Bezos, Five Ways: The Jeff Bezos You Don’t Know
A few clues to the Washington Post’s new owner.
What Jeff Bezos intends to do with the Washington Post, which he bought this year for $250 million, remains a mystery. So does the man. Post employees say his behavior so far has been congenial, if disengaged. A new book and a little snooping in Seattle provide a few clues to Bezos as a magnate and a manager.
Developer
Known for disrupting industries—books, web services, the very notion of retail—Bezos also completely altered his hometown when he moved Amazon and its 15,000 employees in Seattle from the city’s storied south end to 14 buildings in the undeveloped South Lake Union area (below). Now Amazon’s former neighborhood languishes while South Lake Union enjoys high rents and unprecedented nightlife. A proposed three-skyscraper addition to the Amazon campus will accelerate that transformation.
Politico
Locating Bezos’s political center is a messy enterprise. In 2010, according to campaign records obtained by Washingtonian, he spent $100,000 to defeat a proposed millionaires’ tax in Washington state—after donating $10,000 for a gas-tax increase eight years earlier. Both measures failed.
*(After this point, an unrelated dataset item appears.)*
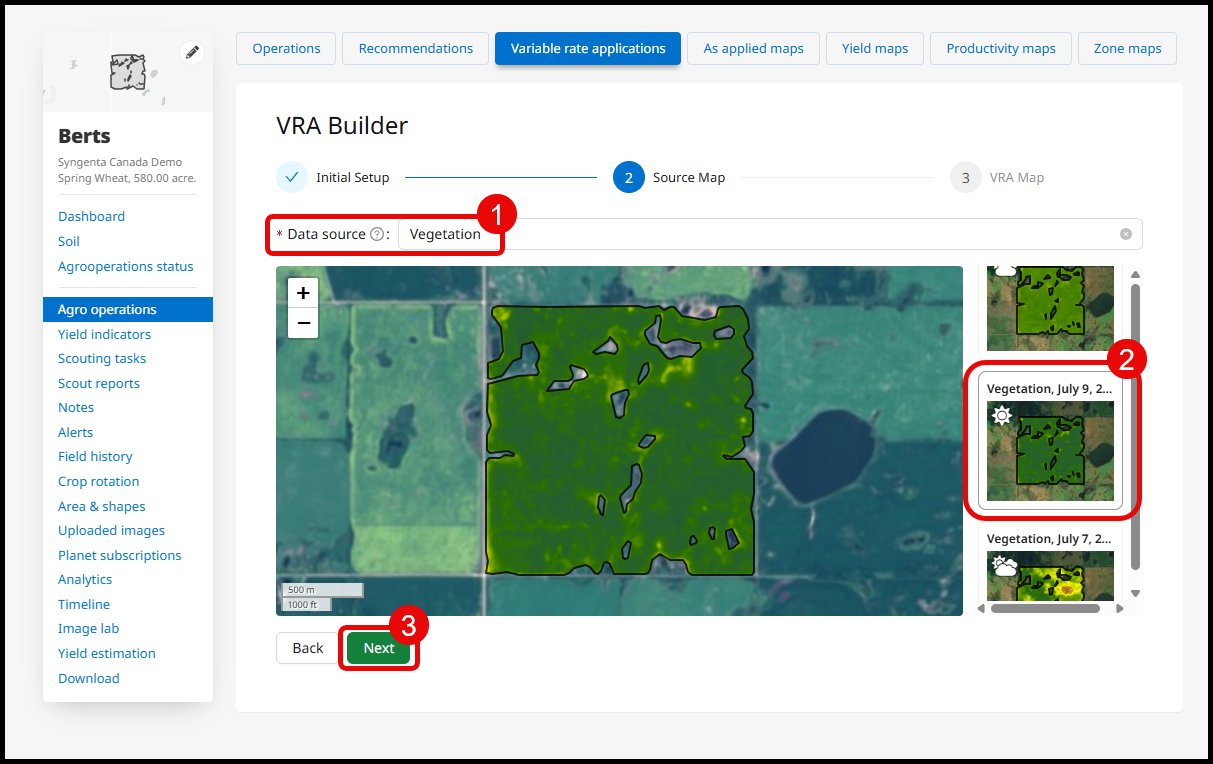 First, choose your data source. Since we are creating an on/off map, we will use the most recent vegetation image to create our zone map. Select Vegetation from the data source options (1). Scroll through the images to select the most recent cloud-free image (2). Select Next (3) to continue.
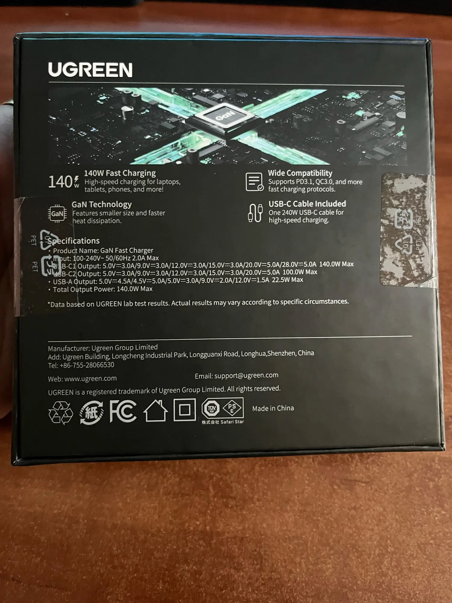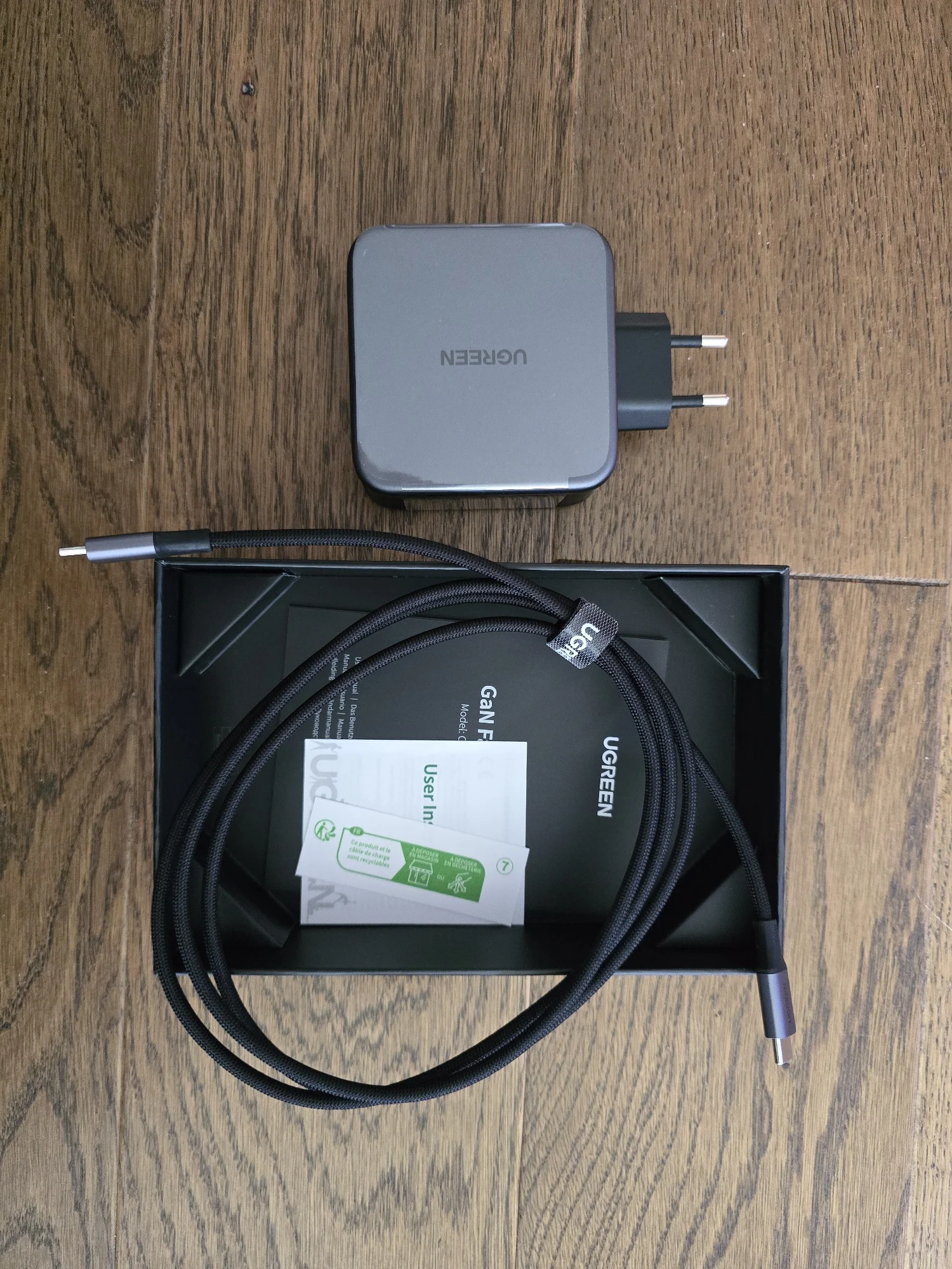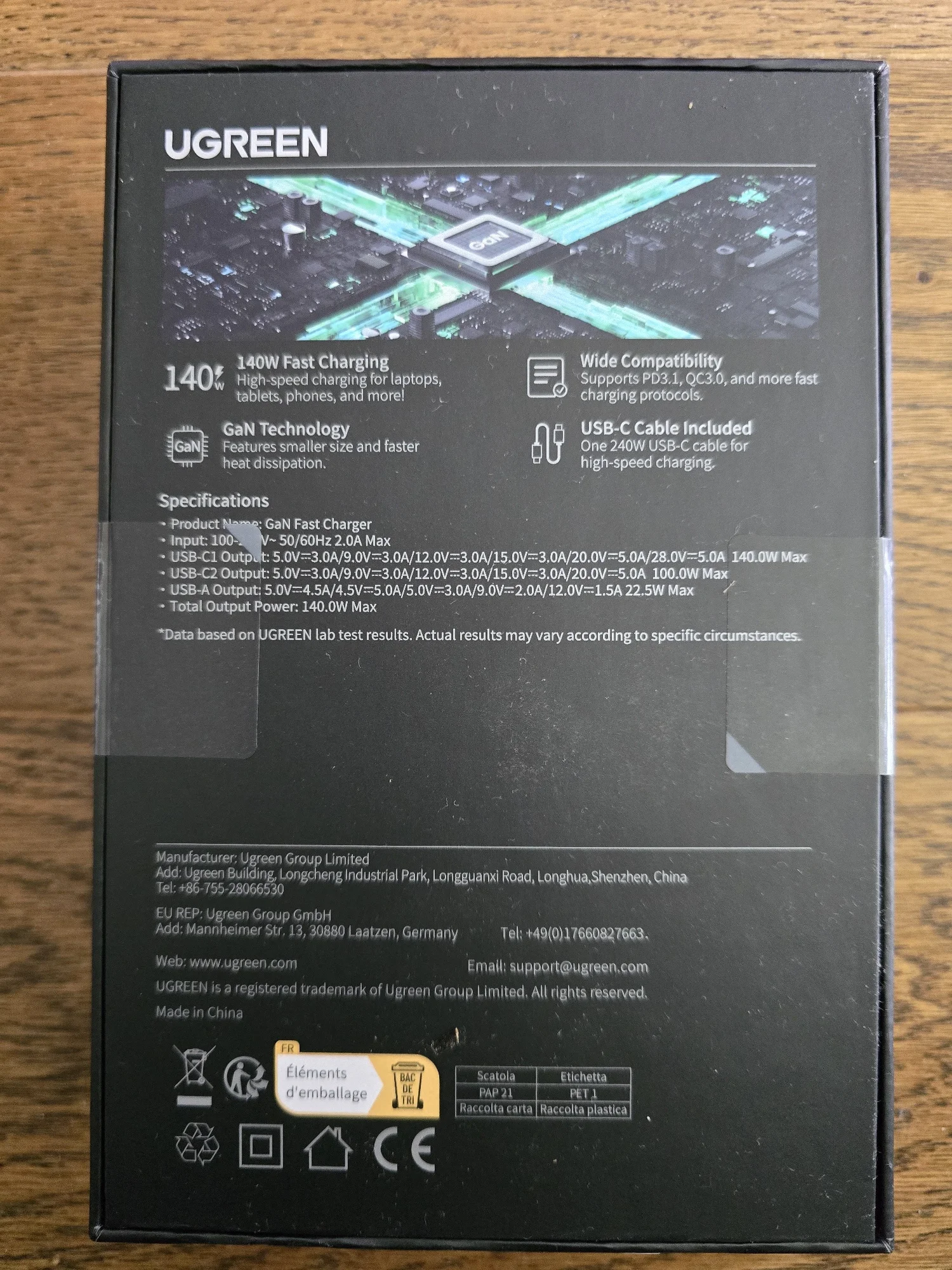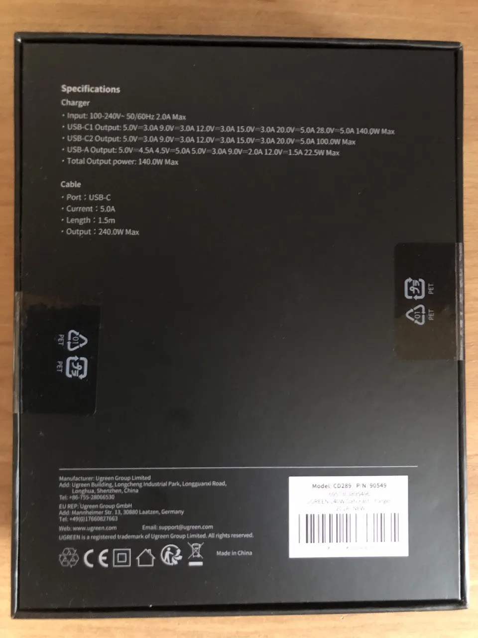 Доставка заняла 21 день до Брянска, а потом курьером до дверей !!!! Ugreen делает отличные и качественные товары. Выглядит красиво, выполнен в фирменных цветах. Коробка очень качественная, как от смартфона. В комплекте идёт отличный фирменный кабелем USB-C - USB-C 240W на 1.5м. Отличный, стильный, холодный, мощный блок питания UGREEN GaN 140W с поддержкой PD3.1 !!!

In 2012, he backed a state-senate run by business-friendly Democrat Guy Palumbo, who garnered only 14 percent of the primary vote. That same year, Bezos surprised and charmed Seattleites by tossing $2.5 million at a referendum legalizing same-sex marriage. That measure won.
Patron
Although Bezos has a secluded $28-million home on Lake Washington, he and his wife are often spotted driving around in a Honda mininvan. And compared with the local sponsors in its league—Microsoft, Boeing, and Starbucks—Amazon’s charitable contributions are minuscule, particularly when it comes to the arts. Bezos did give $10 million for a new tech wing at the Museum of History & Industry, now named in his honor, but his philosophy on charity seems best summed up by what he told PBS’s Charlie Rose: “For-profit models improve the world more than philanthropy.”
Tantrummer-in-Chief
Bezos’s famous laugh has been variously described as a “honk,” a “bray,” and a “chortle.” But journalist Brad Stone, in his new book, The Everything Store: Jeff Bezos and the Age of Amazon, says subordinates also cite a bulging blood vessel in the boss’s forehead as an early-warning system for tantrums that feature such queries as “Why are you ruining my life?” and “Are you lazy or just incompetent?”
Question Mark
When a customer e-mails a complaint to Bezos at jeff@amazon.com—it works, try it—the boss forwards the message to company brass and adds a single keystroke at the top: a question mark. According to Stone, all of Amazonia is expected to drop everything and try to remedy the situation. “When he engages with a problem—in this case, the question of how to remake a renowned media franchise for the new age—he is full of observations about potential solutions and defects,” Stone says, adding: “Beware.”
This article appears in the December 2013 issue of Washingtonian.